Reyes Pía Francesca Loren, Michoel Tom, Joshi Anagha, Devailly Guillaume
The Roslin Institute, The University of Edinburgh, Easter Bush, Midlothian, EH25 9RG, Scotland, UK.
Comput Struct Biotechnol J. 2017 Aug 26;15:425-432. doi: 10.1016/j.csbj.2017.08.002. eCollection 2017.
Functional annotation transfer across multi-gene family orthologs can lead to functional misannotations. We hypothesised that co-expression network will help predict functional orthologs amongst complex homologous gene families. To explore the use of transcriptomic data available in public domain to identify functionally equivalent ones from all predicted orthologs, we collected genome wide expression data in mouse and rat liver from over 1500 experiments with varied treatments. We used a hyper-graph clustering method to identify clusters of orthologous genes co-expressed in both mouse and rat. We validated these clusters by analysing expression profiles in each species separately, and demonstrating a high overlap. We then focused on genes in 18 homology groups with one-to-many or many-to-many relationships between two species, to discriminate between functionally equivalent and non-equivalent orthologs.

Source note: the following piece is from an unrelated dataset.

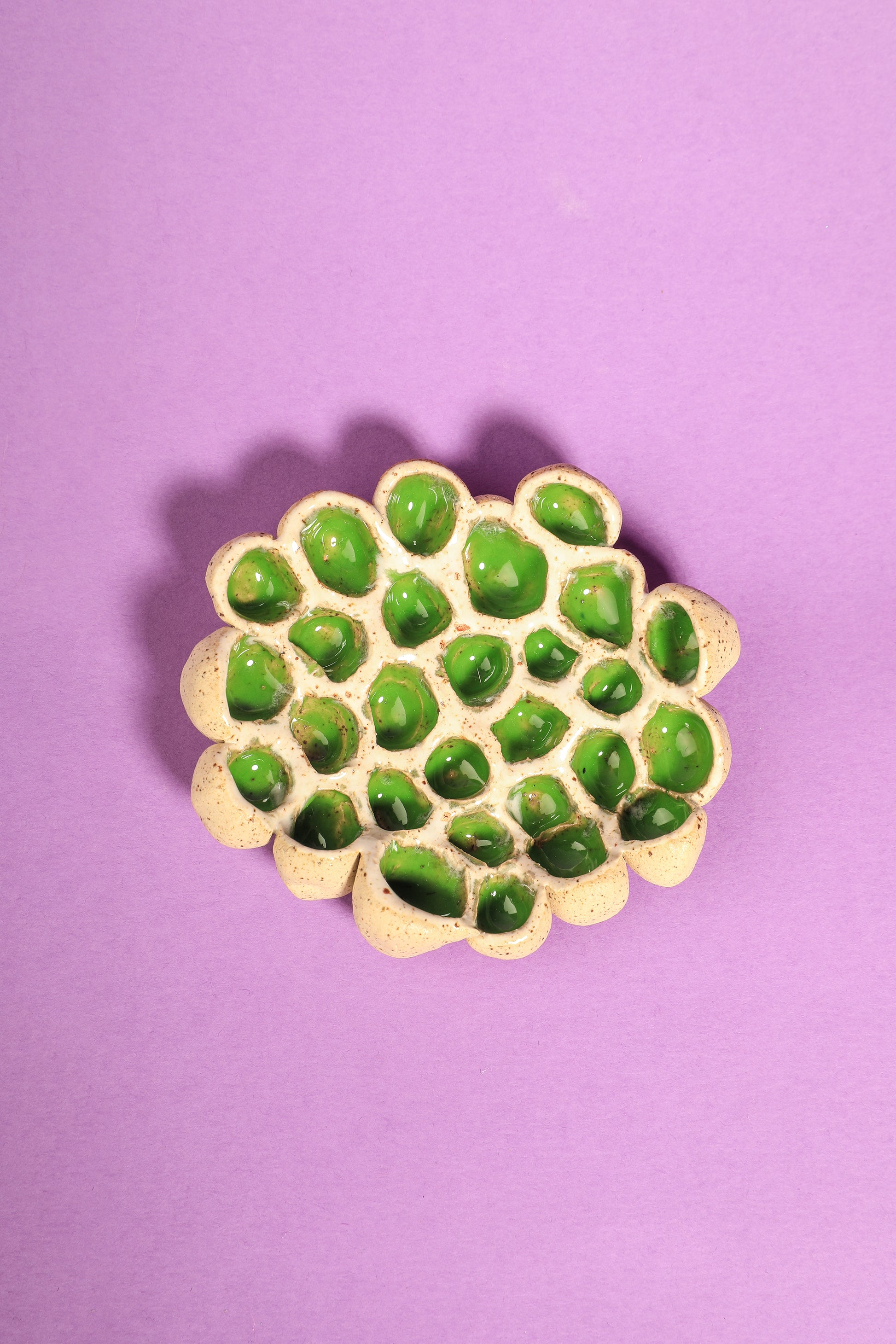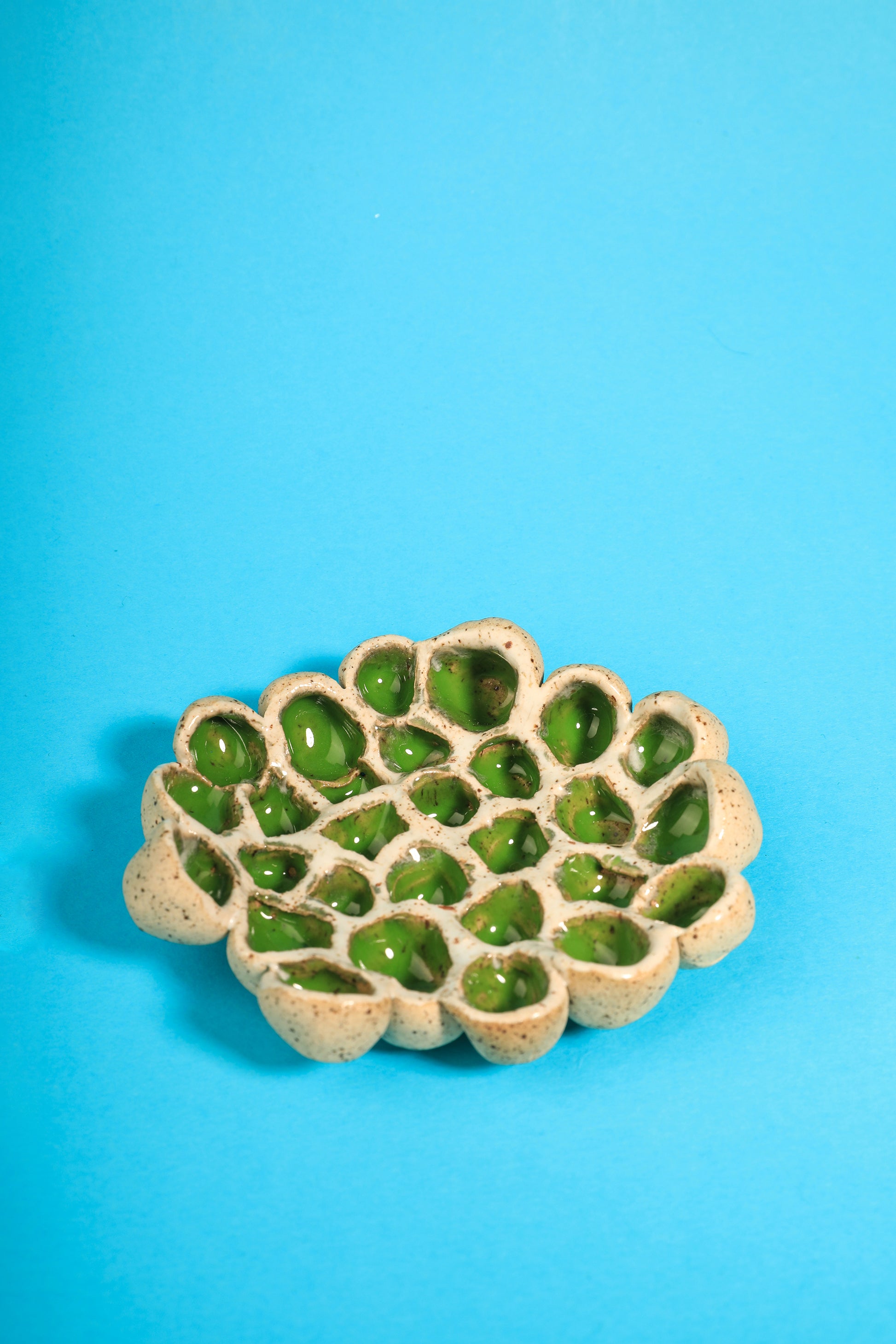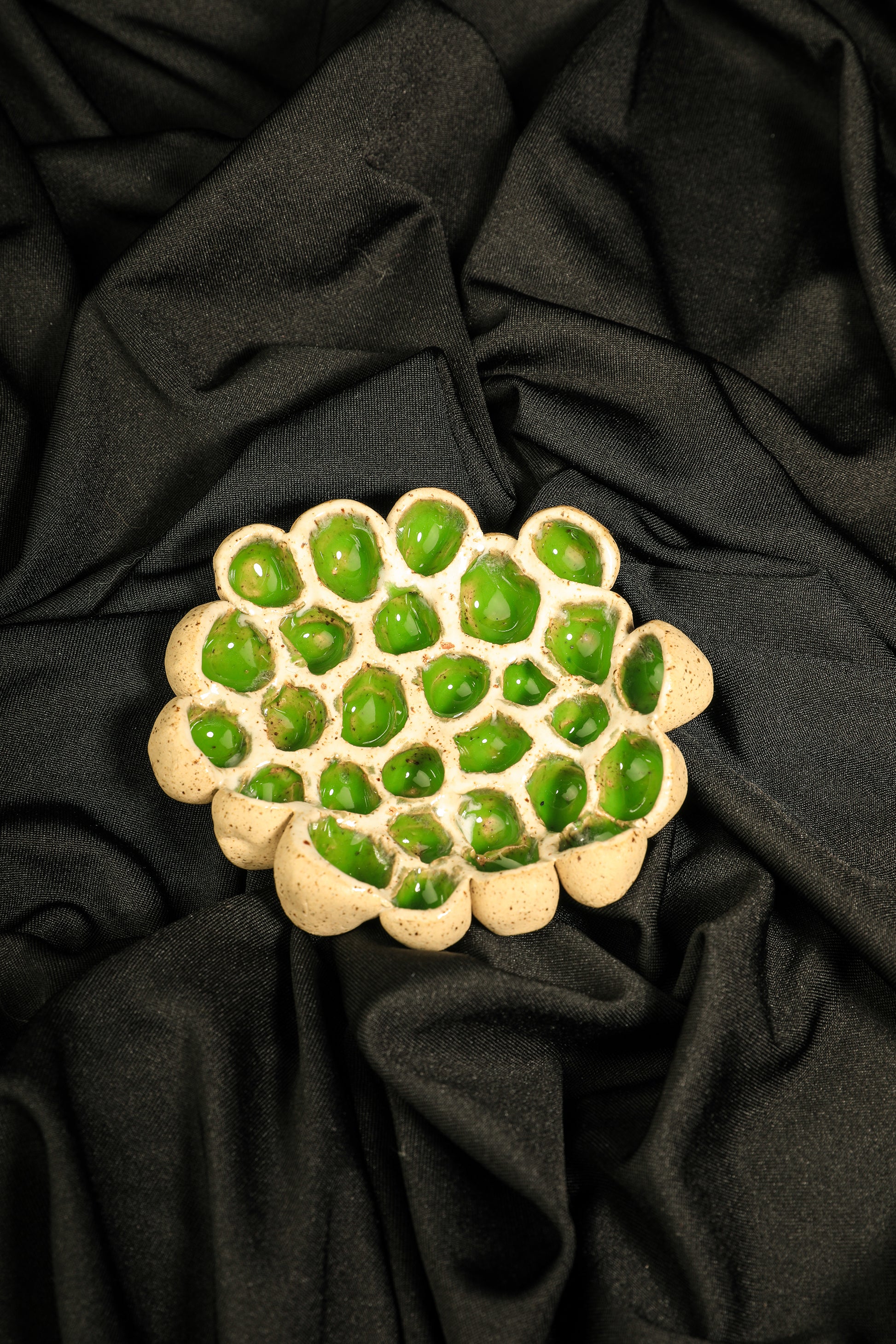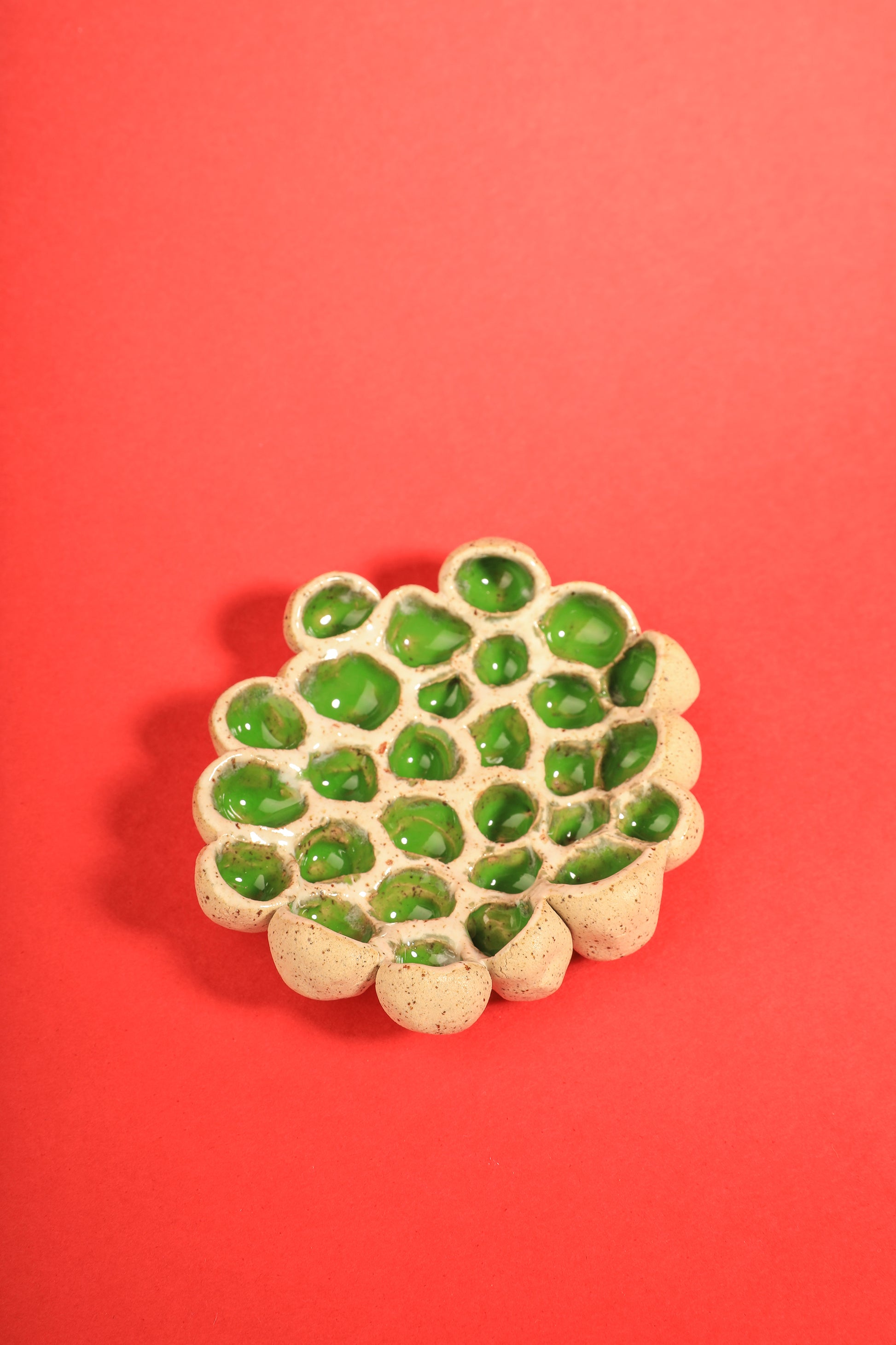 Cette petite coupelle semble être née d’un éclat de forêt enchantée. Ses bords blancs et irréguliers, contrastant avec l’intérieur vert profond, évoquent des feuilles délicates caressées par la lumière. L’extérieur, couleur de terre beige ponctuée de petites tâches, rappelle la beauté brute et naturelle du sol où poussent les secrets de la nature. Les multiples petits trous qui parsèment la coupelle lui donnent une légèreté presque magique, comme si elle pouvait laisser passer des rayons de soleil capturés dans un rêve.

Finally, we further applied our method by collecting heart transcriptomic data (over 1400 experiments) in rat and mouse to validate the method in an independent tissue.
跨多基因家族直系同源基因的功能注释转移可能导致功能错误注释。我们假设共表达网络将有助于预测复杂同源基因家族中的功能直系同源基因。为了探索利用公共领域中可用的转录组数据从所有预测的直系同源基因中识别功能等效的基因,我们收集了来自1500多个不同处理实验的小鼠和大鼠肝脏全基因组表达数据。我们使用超图聚类方法来识别在小鼠和大鼠中共同表达的直系同源基因簇。我们通过分别分析每个物种中的表达谱并证明高度重叠来验证这些簇。然后,我们专注于两个物种之间具有一对多或多对多关系的18个同源组中的基因,以区分功能等效和非等效的直系同源基因。最后,我们通过收集大鼠和小鼠的心脏转录组数据(超过1400个实验)进一步应用我们的方法,以在独立组织中验证该方法。